Coronaviruses comprise of a large group of viruses that can cause a variety of ailments, from common cold to Severe Acute Respiratory Syndrome (SARS). SARS-Cov-2 is the official name of the coronavirus strain behind the current global pandemic and Covid-19 is the official name of the disease it causes.
Health workers and medical experts are working tirelessly on the front lines to diagnose, treat and provide care to Covid-19 patients. Governments across the globe are devising directives and coming up with interventions to beat back the coronavirus outbreak. We are at a crucial juncture now but there are a lot of known unknowns about the coronavirus and Covid-19. It is critical that healthcare experts and policy makers quickly gain a better understanding of the coronavirus.
There is a large body of published about the coronavirus family going back to several decades. A body of literature about SARS-Cov-2 and Covid-19 has also emerged as frontline medical researchers rapidly document their observations and experiences in the current outbreak. Medical and policy researchers should be able to query this body of knowledge and get answers to many pressing questions.
Synthesizing such vast amounts of data to generate useful insights is a good candidate to apply machine learning techniques. For example, there are more than 2000 papers published in 2020 itself and without the help of AI tools, it is practically impossible to keep track of all the research. But before we can apply AI, the data needs to be accessible and in a format that machines can read.
Towards this end, based on a request from the White House Office of Science and Technology Policy, prominent industry and academic research groups have compiled a dataset of scholarly literature about Covid-19, SARS-Cov-2 and coronaviruses and making it available freely to the public.
The organizations involved in this initiative are:
- Allen Institute for AI (AI2)
- Chang Zuckerberg Institute
- Georgetown University’s Center for Security and Emerging Technology
- Microsoft
- National Library of Medicine at the National Institutes of Health
COVID-19 Open Research Dataset (CORD-19) is a collection of research studies published in both peer-reviewed journals and non-peer-reviewed pre-print websites such as bioRxiv and medRxiv. Currently, it consists of over 13,000 full-text papers and abstracts for another 16,000 papers and is expected to be updated with new research as it becomes available.
Here is the call to action to AI experts, data scientists and technology professionals.
World Health Organization (WHO) and the National Academies of Sciences, Engineering and Medicine have identified the key scientific questions about Covid-19. Here is a high-level summary of these key questions.
Based on available literature, what do we know about:
- Virus Transmission, Incubation And Stability, including seasonality, incubation period, asymptomatic transmission, persistence of virus on different surfaces and effectiveness of protective gear.
- Medical Care, including challenges, solutions and best practices related to management of surge capacity, addressing shortages, Telemedicine and home care
- Risk Factors And Effective Mitigation Measures such as impact of pre-existing diseases, impact of behavioral factors such as smoking and susceptibility of groups such as pregnant women and …
- Virus Origins, Genetics and Evolution, including variations of the virus over time and geography, the different strains that may be in circulation, animal hosts and livestock infections.
- Non-pharmaceutical Interventions, including methods and barriers to prevent community spread, impact assessment of measures such as school closures, travel bans, physical distancing and prohibition of large gatherings.
- Vaccines And Therapeutics, including effectiveness of drugs in development, clinical effectiveness studies, approaches to distribute new therapeutics.

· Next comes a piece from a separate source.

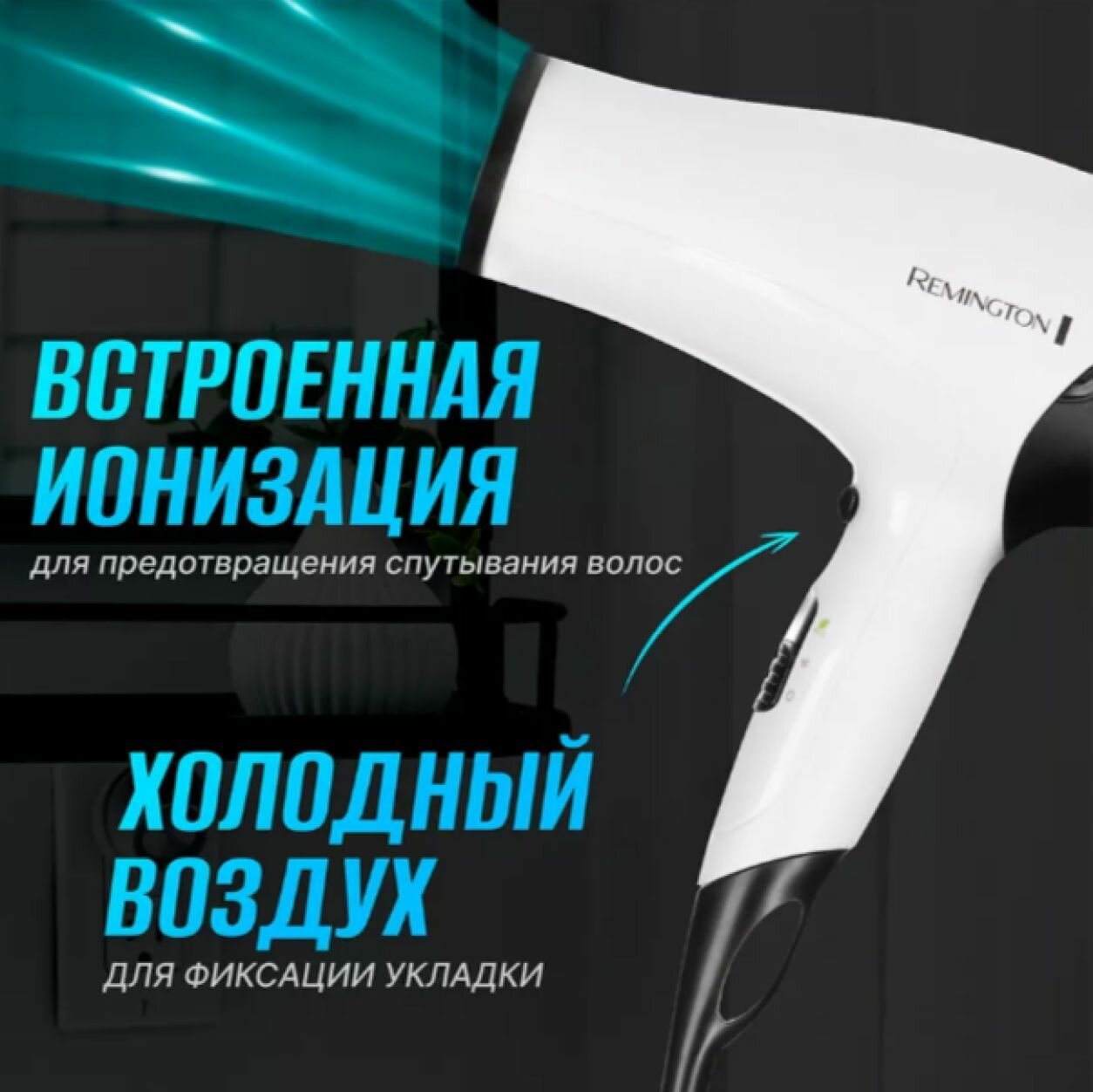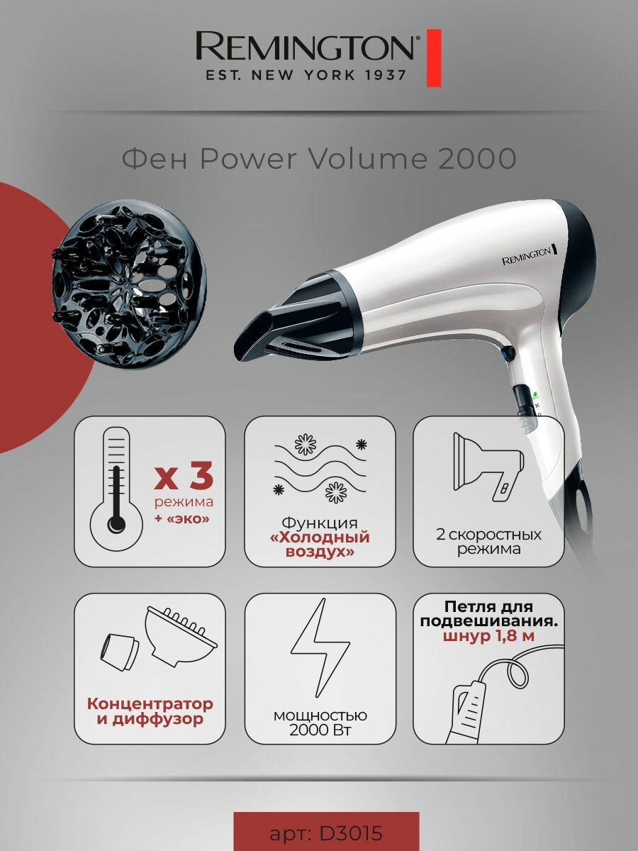 Купить Фен для волос Remington Power Volume 2000 D3015, керамическая решетка, концентратор и диффузор, 2000 Вт, 3 температурных 2 скоростных режима

- Diagnostics And Surveillance, including screening policies and protocols, early detection, sampling methods, guidance at national, state and local levels and the trade-offs involved in rapid testing between speed, accuracy and accessibility.
- Ethical Considerations, including norms of social science research, impact and needs of caregivers and identifying drivers of fear, stigma and misinformation during outbreaks.
- Information Sharing and Collaboration, including data-collection standards, communication methods, coordination of local and Federal, private, public, non-commercial and academic communities.
The dataset is available for download on AI2’s Semantic Scholar website. The machine learning and data science website Kaggle, a subsidiary of Google, has all the details about the specific pieces of the puzzle that AI experts can help put together.
The stakes have never been higher. Carpe Diem!